We outline the proof of this theorem. Construct the function \(F(x,y)\) by formula (8) and consider the integral equation (9). We shall show that it has a unique solution. For this it is enough to prove that, for each \(x\), the homogeneous equation
\[ (g_1(y),\,g_2(y))+ \int_{0}^{x}(g_1(t),\,g_2(t))F(t,y)\,dt=0 \]
has only the zero solution. Let \((g_1(y),\,g_2(y))\) be a solution of this equation. Then
\[ \int_{0}^{x}\{g_1^2(y)+g_2^2(y)\}\,dy +\int_{0}^{x}\int_{0}^{x}(g_1(t),\,g_2(t))F(t,y) \binom{g_1(y)}{g_2(y)}\,dt\,dy=0, \]
or
\[ \int_{-\infty}^{\infty}G^2(\lambda)\,d\rho(\lambda)=0, \]
where
\[ G(\lambda)=\int_{0}^{x}\{g_1(t)\sin \lambda t-g_2(t)\cos \lambda t\}\,dt. \]
By property 2 of the function \(\rho(\lambda)\), \(G(\lambda)\equiv 0\), i.e. \(g_1\equiv g_2\equiv 0\). Consequently, equation (9) has a unique solution. Moreover, \(K(x,y)\) has as many derivatives as \(F(x,y)\) has. Now, with the aid of the kernel \(K(x,y)\) found, construct the function \(\varphi(x,\lambda)\) by formula (3). Then it is not difficult to prove that \(\varphi(x,\lambda)\) satisfies the equation \(B\varphi' + Q(x)\varphi=\lambda\varphi\), where \(Q(x)=K(x,x)B-BK(x,x)\), and the conditions \(\varphi_1(0,\lambda)=0,\; \varphi_2(0,\lambda)=-1\). It is easy to verify that \(\operatorname{Sp} Q(x)=0\) and \(Q^*(x)=Q(x)\). Moreover, if \(F(x,y)\) has \(n\) derivatives, then \(Q(x)\) has the same number of derivatives. It remains to show that \(\varphi(x,\lambda)\) generates Parseval’s equality with respect to \(\rho(\lambda)\). This is done approximately in the same way as in § 5 of Chapter I of paper (2).
§ 2. We now briefly dwell on the inverse problem for the Dirac system whose coefficients have a nonintegrable singularity at zero. Let
\(\varphi(x)=\binom{\varphi_1(x)}{\varphi_2(x)}\) be the solution of equation (1) with the initial conditions \(\varphi_1(0)=0,\ \varphi_2(0)=-1\) for \(\lambda=0\). Put
\[ A(x,t)=\left[\int_0^x \{\varphi_1^2(t)+\varphi_2^2(t)\}\,dt\right]^{-1} \begin{pmatrix} \varphi_1(x)\varphi_1(t) & \varphi_1(x)\varphi_2(t)\\ \varphi_1(t)\varphi_2(x) & \varphi_2(x)\varphi_2(t) \end{pmatrix}, \]

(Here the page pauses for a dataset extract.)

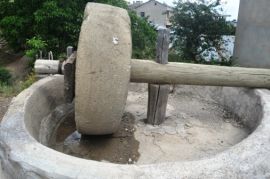 “Avluda dibek taşı. Nasıl eskiden çeşme başlarında kadınlar bir araya gelir hem sularını doldurur hem de sohbet ederlerdi..onun gibi… Bu çeşmelerde buluşmalarda artık yok.. çünkü her köyde her evde artık su var.. çeşmeler sadece oradan geçenler içsin, hayır dua almak için yapılıyor… Birde küçük el dibekleri vardı, bu iki yuvarlak, ortası delik taştan oluşmakta idi, Bu taşın altına temiz bir örtü serilerek, delikten buğday aktarılarak ve kol çevrilerek alttan kepekli bulgur olarak çıkıyordu. Sonra kepeği bulgurdan savrularak ayrılıyordu. Dibek Taşı olayında Köklüce ve Çalgan Köyü bu işi daha farklı bir boyuta getirmişler, insan gücü yerine hayvan gücünü kullanarak buğdaydan bulgur ve gendüme elde ediyorlarmış. Bu dibek taşı örneğin Karabörk köyünde içine su doldurularak, içine taze patatesler atılıyor ve bu patatesler suyun içinde dibek taşının kenarına sürtülerek kabukları soyuluyormuş…

\[ \Phi(x,\lambda)=\varphi(x,\lambda)-\int_0^x A(x,t)\varphi(t,\lambda)\,dt. \]
It is not difficult to verify that \(\Phi(x,\lambda)\) is a solution of the equation
\[ B\Phi' + Q(x)\Phi - \]
\[ -\left[\int_0^x \{\varphi_1^2(t)+\varphi_2^2(t)\}\,dt\right]^{-1} \begin{pmatrix} 2\varphi_1(x)\varphi_2(x) & \varphi_1^2(x)-\varphi_2^2(x)\\ \varphi_1^2(x)-\varphi_2^2(x) & -2\varphi_1(x)\varphi_2(x) \end{pmatrix}\Phi=\lambda\Phi \tag{10} \]

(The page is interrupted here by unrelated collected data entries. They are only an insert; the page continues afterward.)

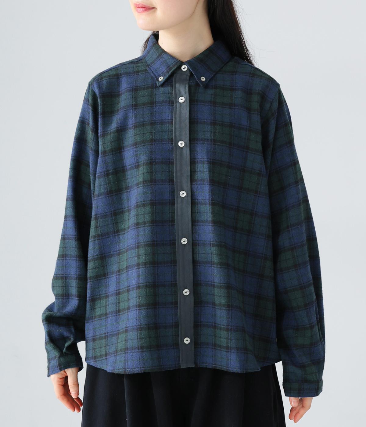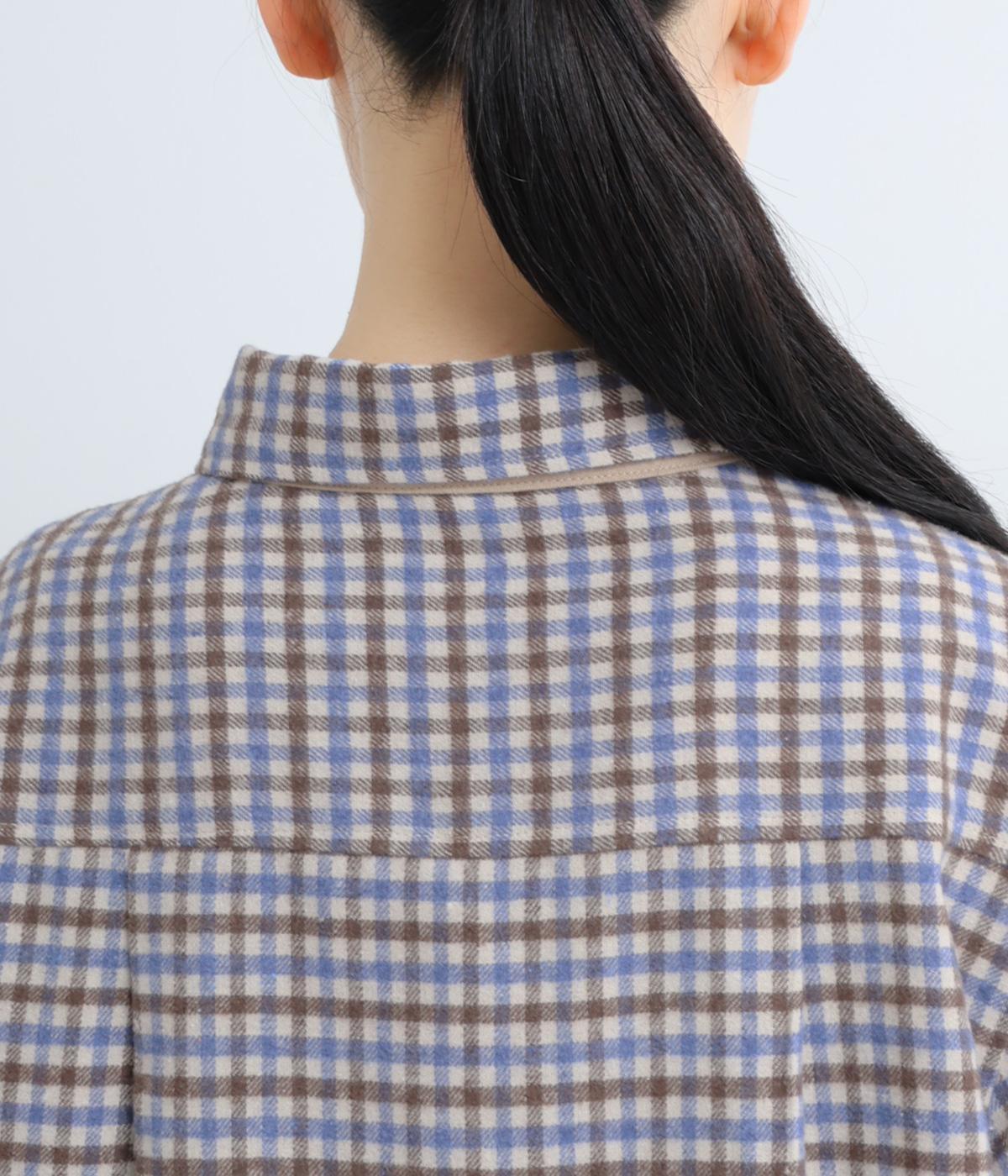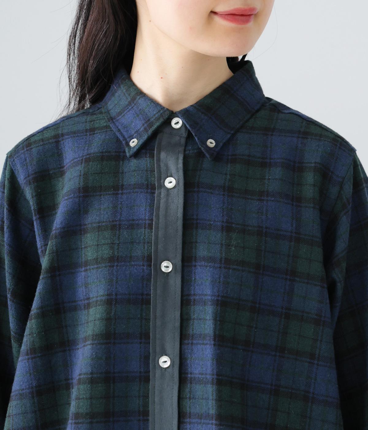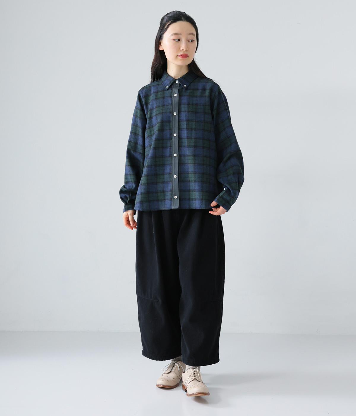 前立ての異素材づかいが印象的なチェック柄シャツ。縦ラインを強調して全体をすっきりと見せてくれます。背中にタックを入れて、後ろ姿にふんわりとした動きをプラス。少し長めの袖丈が、こなれ感のある着こなしに導きます。
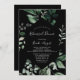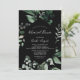 This emerald greenery black rehearsal dinner invitation is perfect for a boho wedding rehearsal. The elegant yet rustic design features moody dark green watercolor leaves and eucalyptus with a modern bohemian woodland feel.
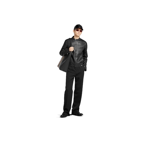 Para la colección Pre-Fall 2025, las prendas de abrigo básicas de estilo urbano, como las chaquetas de piel o bomber, combinan sofisticación y materiales lujosos con un toque refinado. Esta chaqueta con cremallera se ha confeccionado en piel suave negra con un logotipo en relieve y botones Gucci de metal.
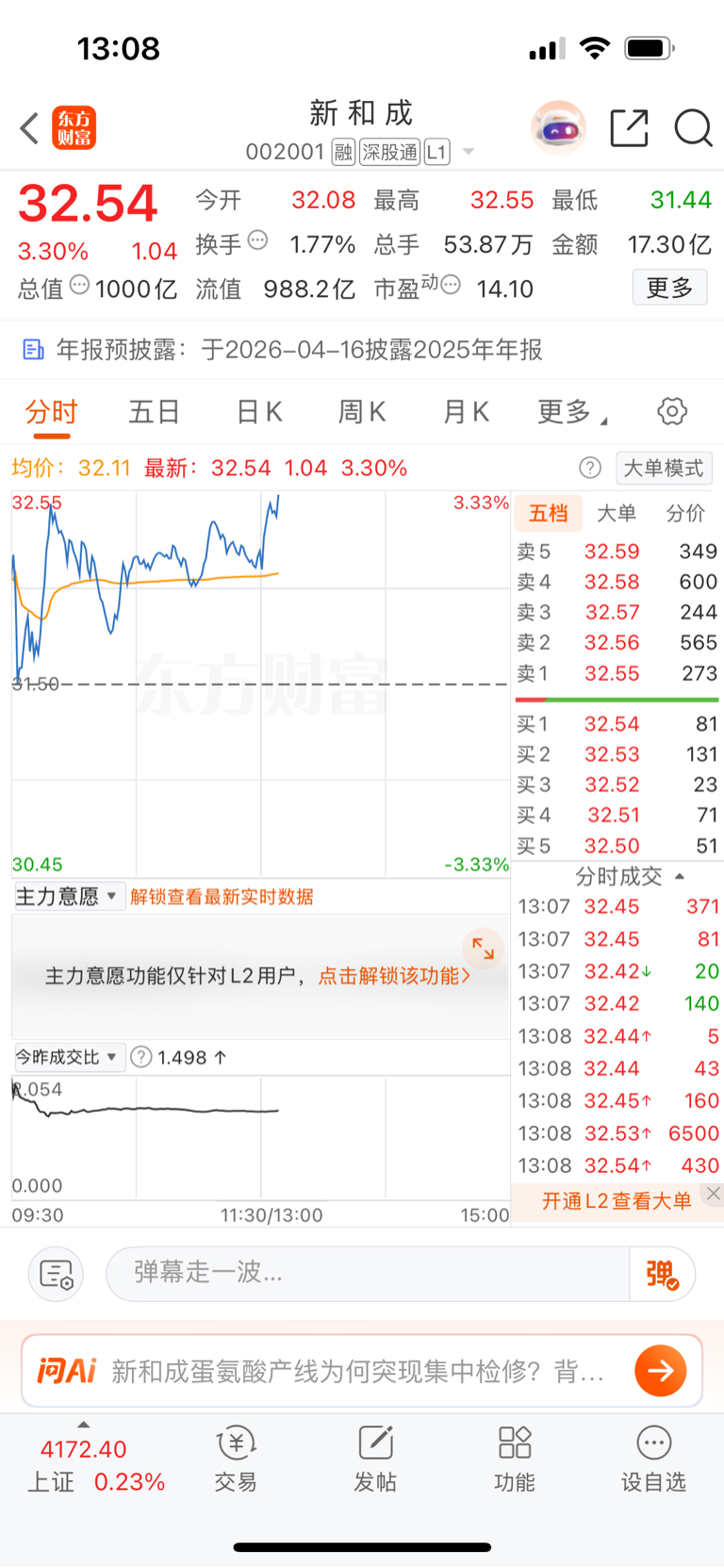 $新 和 成(SZ002001)$ 拿了四年总算如愿,感恩!
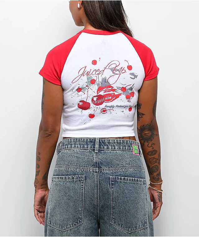 Empyre Cherry Lovin' Red & White Raglan Crop T-Shirt
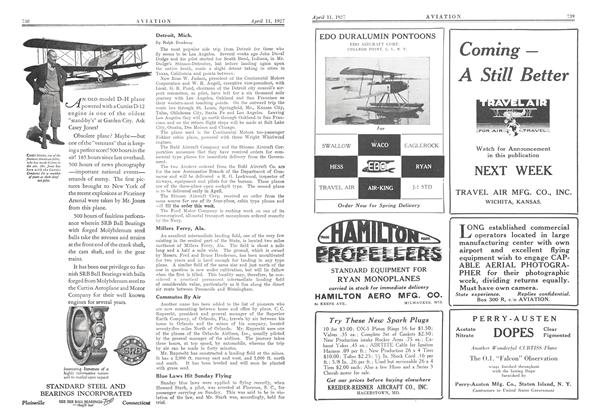 The most popular side trip from Detroit for those who fly seems to be Los Angeles. Several weeks ago John Duval Dodge and his pilot started for South Bend, Indiana, in Mr. Dodge’s Stinson-Detroiter, but before landing again upon the native heath, made a slight detour taking in cities in Texas, California and points between.

and, as \(x\to 0\), \(\dfrac{1}{\lambda x}\Phi(x,\lambda)\to \binom{1}{0}\). It is obvious that this equation has a singularity of the form \(\dfrac{1}{x}\begin{pmatrix}0&1\\1&0\end{pmatrix}\). Therefore any other solution of equation (10), linearly independent of \(\Phi(x,\lambda)\), tends to infinity as \(x=0\). A direct calculation proves that \(\Phi(x,\lambda)\) generates Parseval’s equality to the same extent as does \(\varphi(x,\lambda)\). By analogous arguments one can pass from a singularity of the type \(\dfrac{1}{x}\begin{pmatrix}0&1\\1&0\end{pmatrix}\) to a singularity of the type \(\dfrac{2}{x}\begin{pmatrix}0&1\\1&0\end{pmatrix}\), etc. Thus we arrive at the following result:
Theorem 4. If \(\rho(\lambda)\) is the spectral function of an equation of type (1) without singularities, then it is also the spectral function of equations of the type
\[ By' + Q_l(x)y - \frac{l}{x} \begin{pmatrix} 0&1\\ 1&0 \end{pmatrix}y=\lambda y, \]
where \(Q_l(x)\) is a function summable on any finite interval of \([0,\infty)\), and \(\operatorname{Sp} Q_l(x)=0,\ Q_l^*(x)=Q_l(x),\ l=0,\pm1,\pm2,\ldots\).
Moscow State University
named after M. V. Lomonosov
Received
14 VII 1965
CITED LITERATURE
¹ I. M. Gel'fand, B. M. Levitan, Izv. AN SSSR, ser. matem., 15, 309 (1951).
² B. M. Levitan, M. G. Gasymov, UMN, 19, issue 2, 3 (1964).
³ H. E. Moses, Bull. Am. Phys. Soc., 4, 240 (1957).
⁴ F. Prats, J. S. Toll, Phys. Rev., 113, No. 1, 363 (1959).
⁵ M. Verde, Nuclear Phys., 9, 255 (1958–1959).